Scotland business

Exhibition celebrates Japanese whisky pioneer Rita Cowan

Rita Cowan
Image caption Rita Cowan spent much of her life in Japan

An exhibition celebrating the life of a Scot who became known as the mother of Japanese whisky has opened in East Dunbartonshire.

Artworks have been created to remember Kirkintilloch-born Rita Cowan, who helped to create one of Japan's most successful whisky distilleries.

She spent her life in the Far East after marrying Japanese man Masataka Taketsuru in 1920.

Rita had met him while he was studying chemistry at Glasgow University.

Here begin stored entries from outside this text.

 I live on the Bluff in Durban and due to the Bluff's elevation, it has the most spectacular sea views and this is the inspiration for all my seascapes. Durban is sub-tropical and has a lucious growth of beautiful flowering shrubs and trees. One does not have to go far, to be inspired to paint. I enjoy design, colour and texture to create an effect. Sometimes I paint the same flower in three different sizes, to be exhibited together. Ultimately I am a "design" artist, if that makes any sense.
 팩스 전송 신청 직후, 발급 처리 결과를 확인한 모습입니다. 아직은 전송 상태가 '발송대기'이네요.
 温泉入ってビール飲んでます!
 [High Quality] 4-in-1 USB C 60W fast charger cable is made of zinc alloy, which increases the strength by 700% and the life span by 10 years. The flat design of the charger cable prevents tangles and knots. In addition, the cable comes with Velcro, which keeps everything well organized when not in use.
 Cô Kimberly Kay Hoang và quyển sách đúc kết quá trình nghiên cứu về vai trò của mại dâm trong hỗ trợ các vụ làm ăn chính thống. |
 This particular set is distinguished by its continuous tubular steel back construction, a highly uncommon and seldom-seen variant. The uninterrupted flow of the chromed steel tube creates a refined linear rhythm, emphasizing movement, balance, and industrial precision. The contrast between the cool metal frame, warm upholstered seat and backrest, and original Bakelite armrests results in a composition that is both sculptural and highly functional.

Masataka went on to start up his own distillery at Yoichi on the island of Hokkaido.

It marked the beginnings of what was to become the major Japanese drinks business Nikka.

The exhibition in Kirkintilloch Town Hall includes artworks by Women's Aid participants and a specially-commissioned series of silkscreen prints by artist Elspeth Lamb.

They were inspired in part by items relating to Rita held by East Dunbartonshire Leisure and Culture (EDLC) Trust. They include her kimono and obi sash.

Image copyright Nikka Whisky
Image caption Masataka Taketsuru created one of Japan's most successful distilleries

Rita played a key role in helping Masataka produce his first whisky in 1940, providing both moral and financial support at difficult times.

Accounts suggest that Rita launched herself enthusiastically into her new life, speaking only Japanese and following local traditions.

However, Elspeth Lamb added: "I don't doubt that Rita must have, at times, experienced terrible feelings of alienation, isolation and loneliness, especially during the war years when westerners were also regarded with much suspicion."

Rita died at the age of 63 in 1961, but her name lives on in Yoichi, whose main street is named Rita Road.

EDLC Trust chairman Sandy Marshall said: "The exhibition is a reinterpretation of the life and times of a Kirkintilloch-born pioneer.

"Rita travelled across the world to be with the man she loved, helping to create the whisky industry in Japan.

"Her legacy lives on, with the company, now known as Nikka, flourishing."

The exhibition Re-imagining Rita and Masataka Taketsuru will run until 1 August and is open to the public.